Caroline here. I hope you're doing well. I thought I already messaged you about where you got this information from, but it's hard to navigate this site. 

Please can you tell me where you found the following you wrote:

In 1955 Harwich-Hook services were run by turbine steamers "Amsterdam" (1950, 5,092grt) and "Arnhem" (1947, 4,891grt) of British Railways and motor ships "Koningin Emma" (1939, 4,353grt) and "Prinses Beatrix" (1939, 4,353grt) of S.M.Zeeland. The BR vessels were essentially 'night' boats with extensive berthing accommodation whereas the SMZ vessels had a much larger passenger certificate presumably for day operation. A limited amount of cargo, private cars etc was carried in conventional holds and craned on and off. Service speeds were about 21knots for the turbines and 21.5 for the Dutch ships."

If you completely wrote every single word off the top of your head, I need to cite you with your full name, credentials, and how you would like it to appear in my 800+ page book. 

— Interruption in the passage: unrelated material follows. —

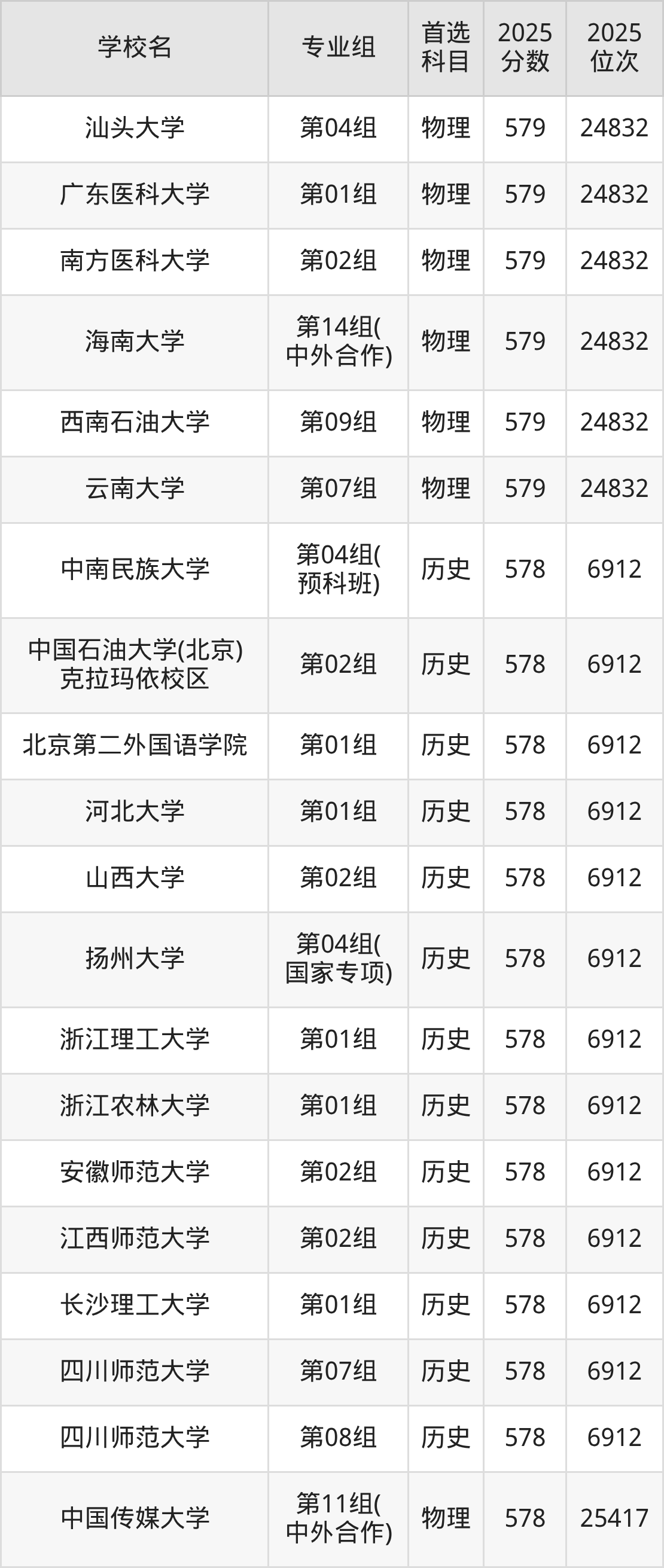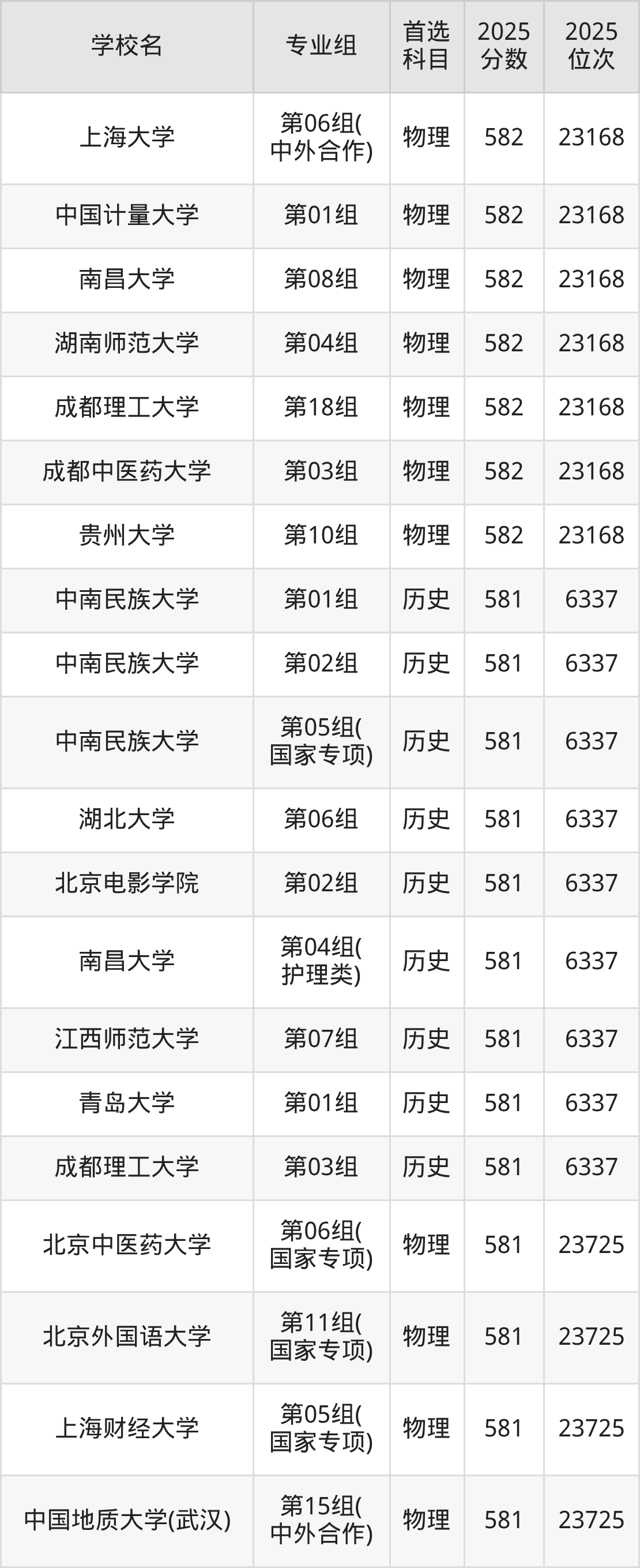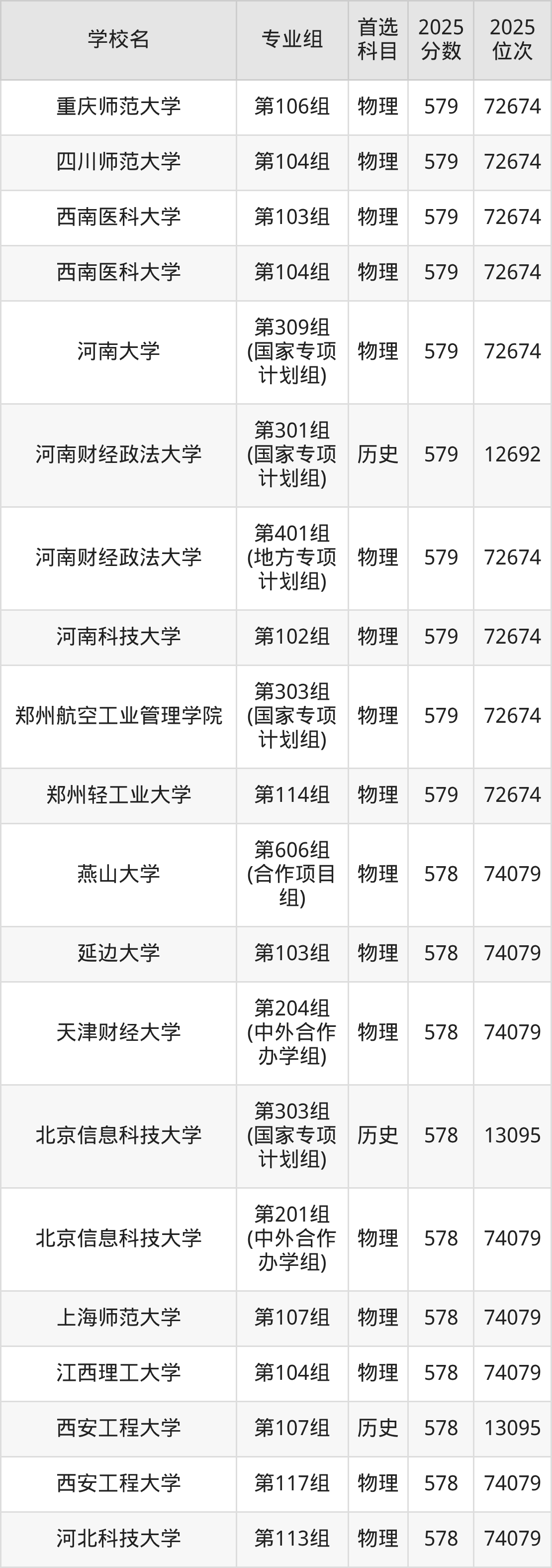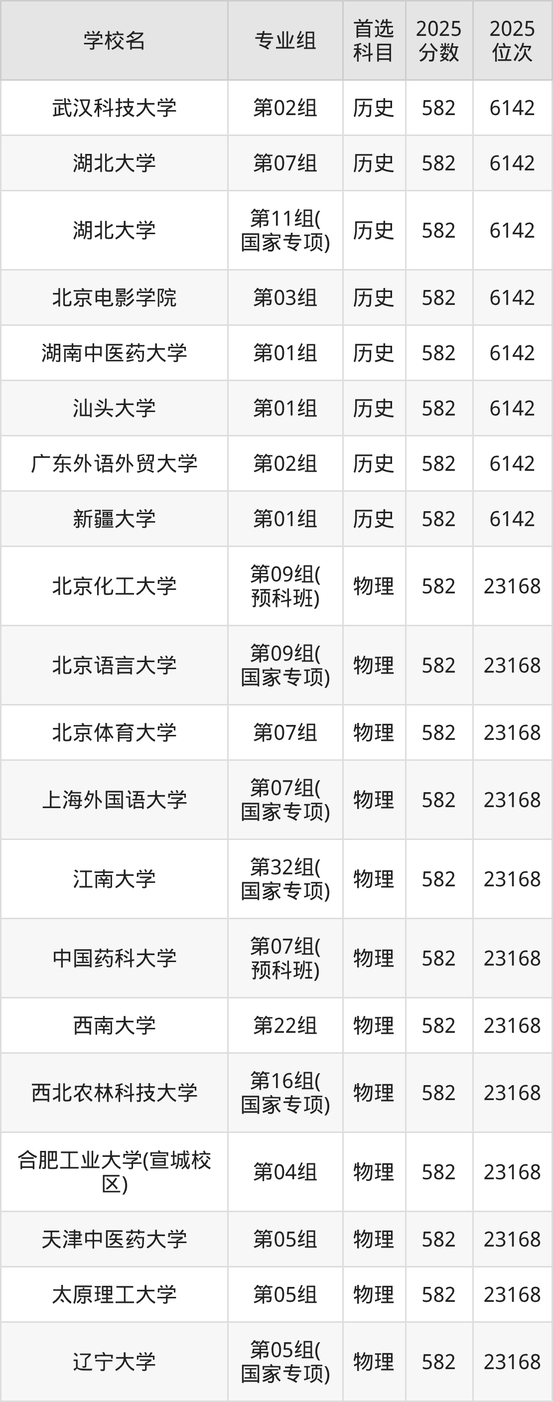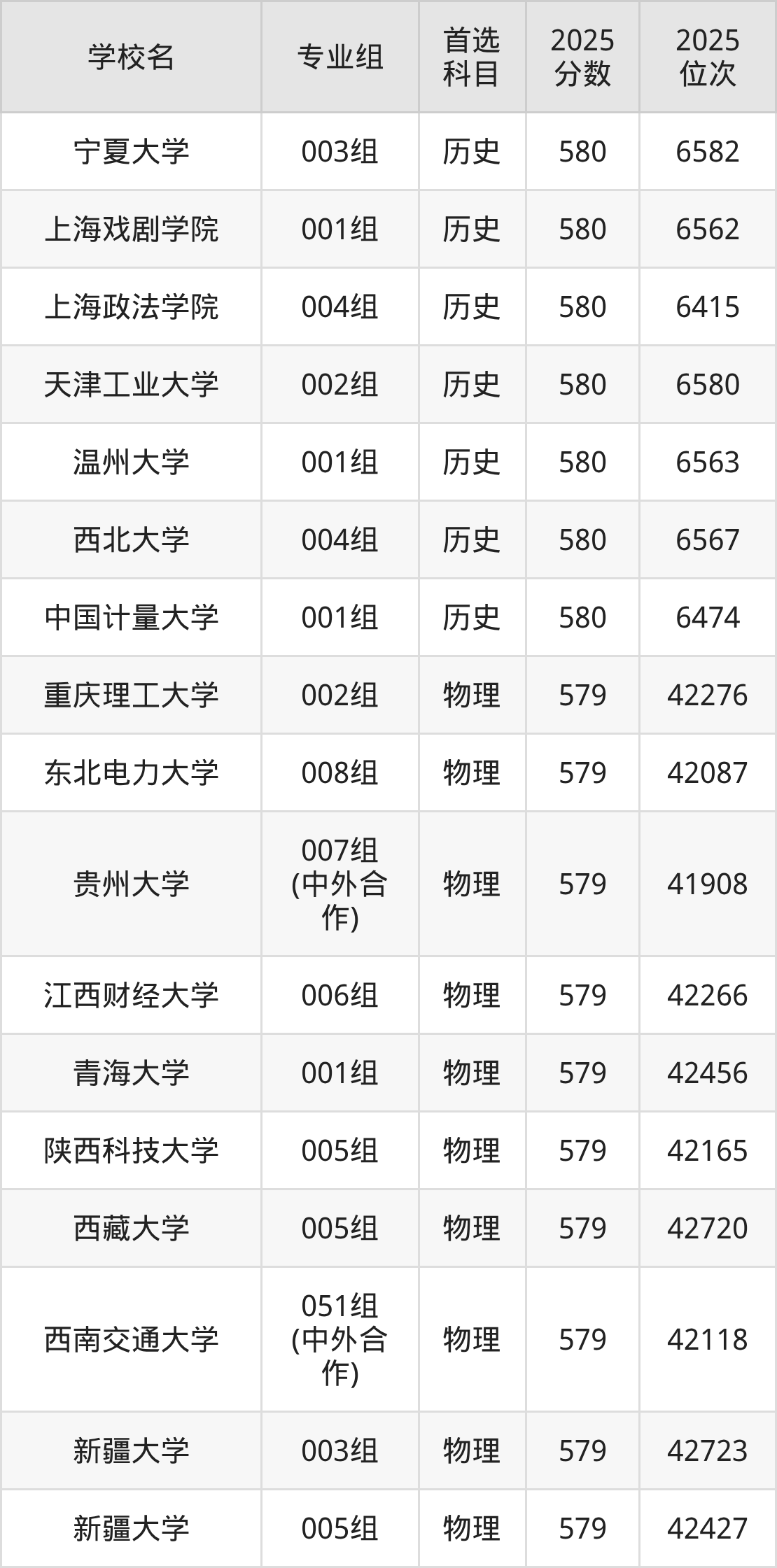 历史类580分可以冲的大学:武汉科技大学582分、湖北大学582分、北京电影学院582分、湖南中医药大学582分等;较稳妥的大学:西南财经大学579分、武汉科技大学579分、北京联合大学579分、山西师范大学579分等。

If you found some, or part of the information in this book (or any other book), 'Harwich Hoek van Holland; 100 years of service,' I really need to know the page numbers as I cannot get a hold of this book (or the name of any book you did use) please. I cannot use your information unless I know where it came from. 

Thank you so very, very much. I'm truly grateful. Please feel free to email me at [email protected]. I'm finding it too difficult to navigate in here. I'm getting a little frustrated with the number of people writing back quoting Wikipedia. 

Warmest regards,
Caroline in Keswick, Ontario. Canada


----------



## Gijsha (Mar 2, 2015)

Caroline, The book mentioned by you is available here: https://www.boekwinkeltjes.nl/su/?q...=&img=0&oud=0&t=1&n=1&prijsvan=0.00&prijstot= at low cost.
Regards,


----------